SPVM reminds Montreal motorists to respect disabled parking places
Police are reminding people not to use disabled parking spaces (photo: Scott Prouse / CTV Montreal)
Scott Prouse, CTV Montreal
Published Tuesday, June 4, 2019 1:28PM EDT
Last Updated Thursday, June 6, 2019 2:26PM EDT
Montreal police and Moelle Épinière et Motricité Québec teamed up today to remind motorists of the importance of leaving disabled parking spots open for those in need.
Police spokesperson Steve Girard says the SPVM handed out over 3,000 tickets to Montreal motorists last year for parking in disabled spots. He adds that that number could easily have been higher.
“It’s a big problem,” Girard says.
Jacques Comeau, who uses a wheelchair and is an integration counsellor with MÉMO-QC, says disabled parking scofflaws are not only disrespectful, but also dangerous.
Comeau explains that many vehicles’ rear and side view mirrors don’t allow drivers to completely see wheelchairs because they are smaller and lower to the ground.

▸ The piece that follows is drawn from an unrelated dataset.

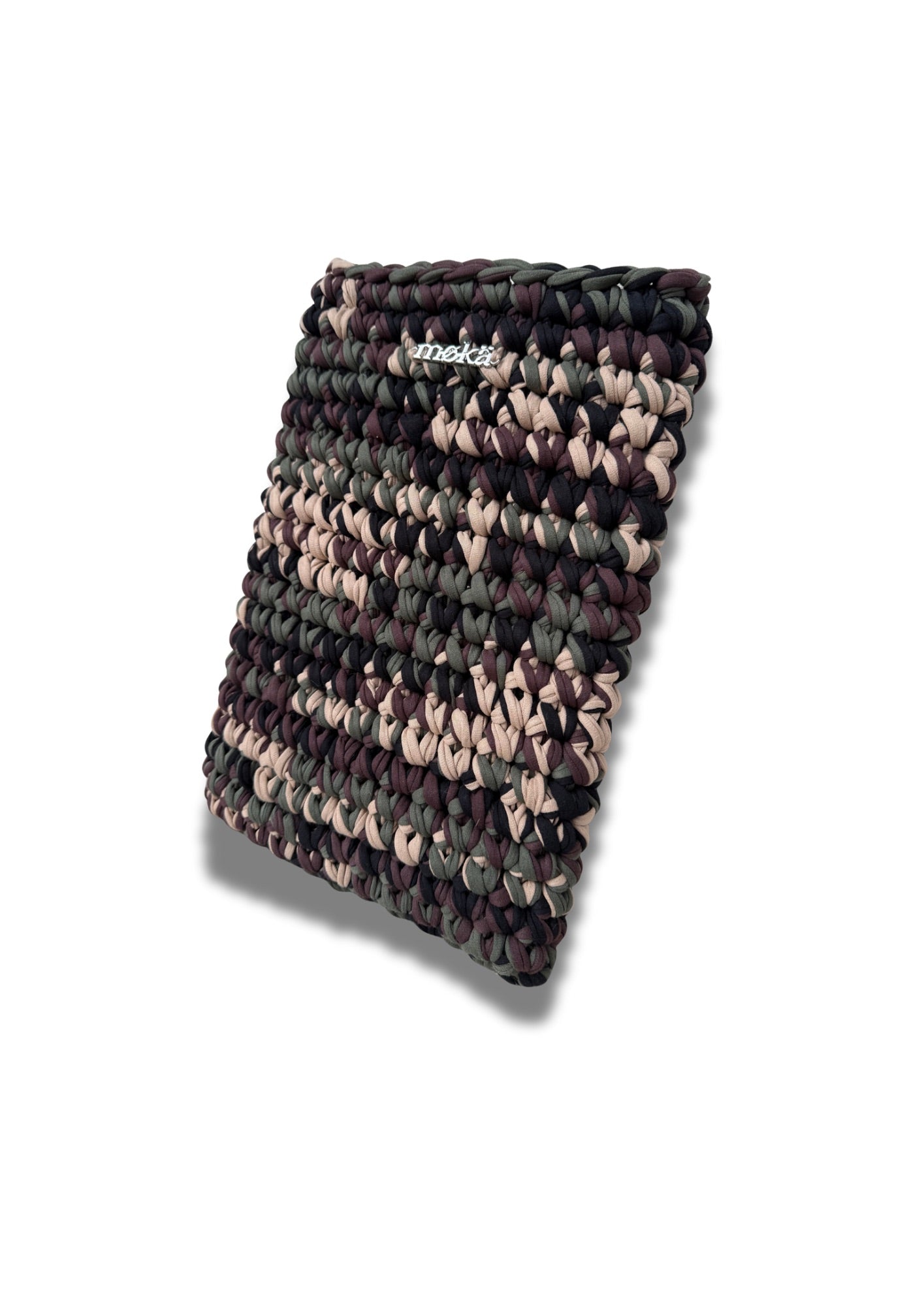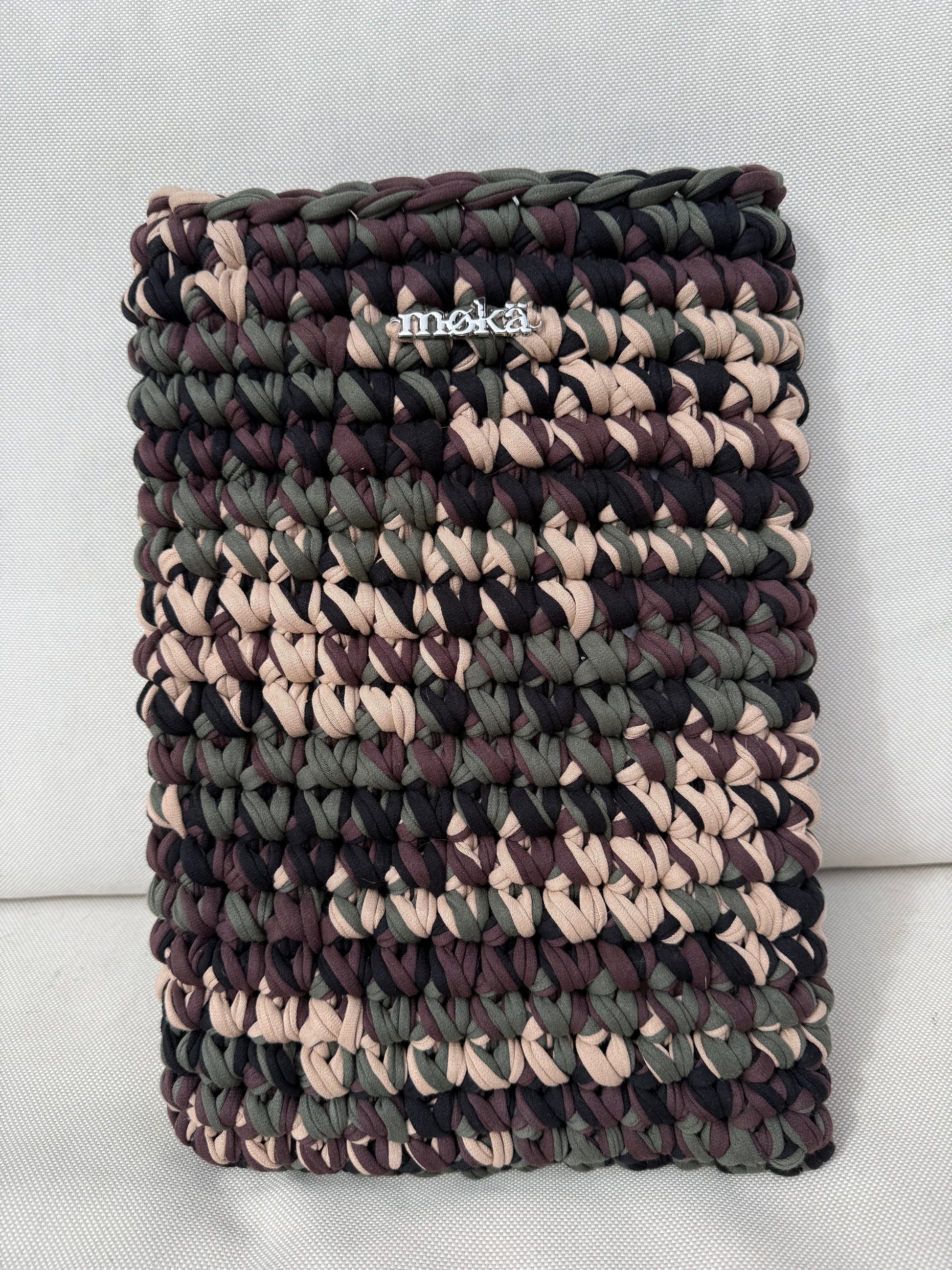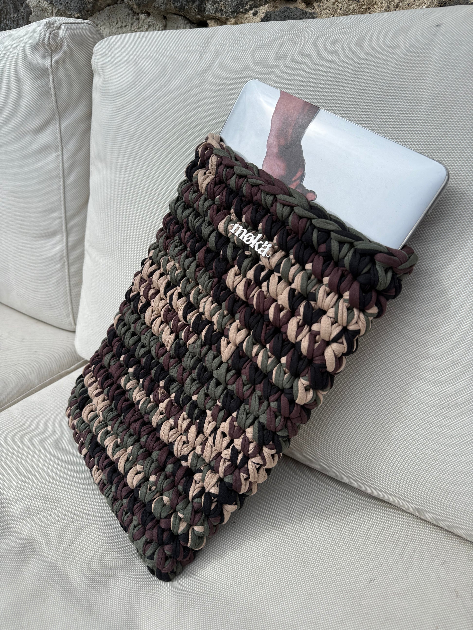 Son tressage en fil T-shirt recyclé lui confère solidité et élégance, pour transporter votre ordinateur ou tablette en toute sécurité.

“You’ve got to get from your car to the door and the possibility of getting hit by a car backing up is very serious,” he says.
He says that when he arrives in a parking lot and sees all the disabled parking spots taken, he is forced to use a regular parking spot. This creates a difficult and time-consuming situation for him. Other parking spots are smaller and therefore make it impossible to deploy his ramp.

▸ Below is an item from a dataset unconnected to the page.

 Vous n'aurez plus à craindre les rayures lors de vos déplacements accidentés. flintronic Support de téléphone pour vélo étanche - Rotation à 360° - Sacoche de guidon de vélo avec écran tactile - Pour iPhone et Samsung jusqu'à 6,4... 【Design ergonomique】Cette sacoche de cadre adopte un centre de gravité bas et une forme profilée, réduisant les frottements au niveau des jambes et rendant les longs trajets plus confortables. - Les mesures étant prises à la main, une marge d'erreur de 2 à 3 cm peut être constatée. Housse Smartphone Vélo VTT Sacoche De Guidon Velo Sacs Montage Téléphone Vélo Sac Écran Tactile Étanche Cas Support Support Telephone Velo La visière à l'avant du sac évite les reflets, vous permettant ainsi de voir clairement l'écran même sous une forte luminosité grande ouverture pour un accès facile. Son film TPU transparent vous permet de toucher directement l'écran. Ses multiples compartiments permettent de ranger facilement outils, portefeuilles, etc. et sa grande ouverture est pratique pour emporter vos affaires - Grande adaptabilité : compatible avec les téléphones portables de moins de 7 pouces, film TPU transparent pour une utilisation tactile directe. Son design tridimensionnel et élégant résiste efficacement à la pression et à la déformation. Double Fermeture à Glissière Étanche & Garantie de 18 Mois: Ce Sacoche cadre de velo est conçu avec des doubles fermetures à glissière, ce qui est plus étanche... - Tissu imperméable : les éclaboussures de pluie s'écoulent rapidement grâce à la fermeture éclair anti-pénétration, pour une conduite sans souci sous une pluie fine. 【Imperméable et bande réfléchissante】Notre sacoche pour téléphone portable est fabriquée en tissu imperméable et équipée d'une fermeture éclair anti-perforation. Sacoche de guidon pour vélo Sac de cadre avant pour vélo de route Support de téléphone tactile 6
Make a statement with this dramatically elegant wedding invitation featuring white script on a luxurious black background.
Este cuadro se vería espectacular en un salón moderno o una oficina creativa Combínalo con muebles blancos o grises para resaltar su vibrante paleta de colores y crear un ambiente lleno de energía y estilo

“If I take a regular-sized spot, I can’t get out of my car. If I park at the end of a series of parking spots and someone parks next to me, I’m stuck until they come back out and move so I can get back in my van,” he says.

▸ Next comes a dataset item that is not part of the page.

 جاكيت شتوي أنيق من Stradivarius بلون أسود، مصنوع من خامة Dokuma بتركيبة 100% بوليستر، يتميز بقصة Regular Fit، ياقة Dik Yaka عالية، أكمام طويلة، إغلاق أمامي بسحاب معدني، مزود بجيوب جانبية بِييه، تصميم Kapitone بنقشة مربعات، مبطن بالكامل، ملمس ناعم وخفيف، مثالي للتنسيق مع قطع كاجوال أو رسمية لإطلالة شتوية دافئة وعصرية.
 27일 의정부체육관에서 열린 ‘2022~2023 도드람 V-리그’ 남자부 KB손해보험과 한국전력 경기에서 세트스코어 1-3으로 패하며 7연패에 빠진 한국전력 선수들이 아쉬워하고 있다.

Girard says Montreal police have not only been ticketing motorists who are parked illegally in disabled parking spots, but also informing stores and restaurants that they must properly identify disabled parking spots with official signs for police to be able to ticket offenders. He adds that painting a wheelchair on the concrete is not enough.
Comeau adds that stores and restaurants also have a responsibility to help police stop people from parking illegally in disabled parking places.
“It’s important that the proper signage is there so they can give out tickets to make people more aware of the problem,” he says.
Girard also reminds Montreal motorists that disabled parking permits are for people and not vehicles.
“This privilege is not for the car... you have to have this card (disabled parking permit) for you,” he says.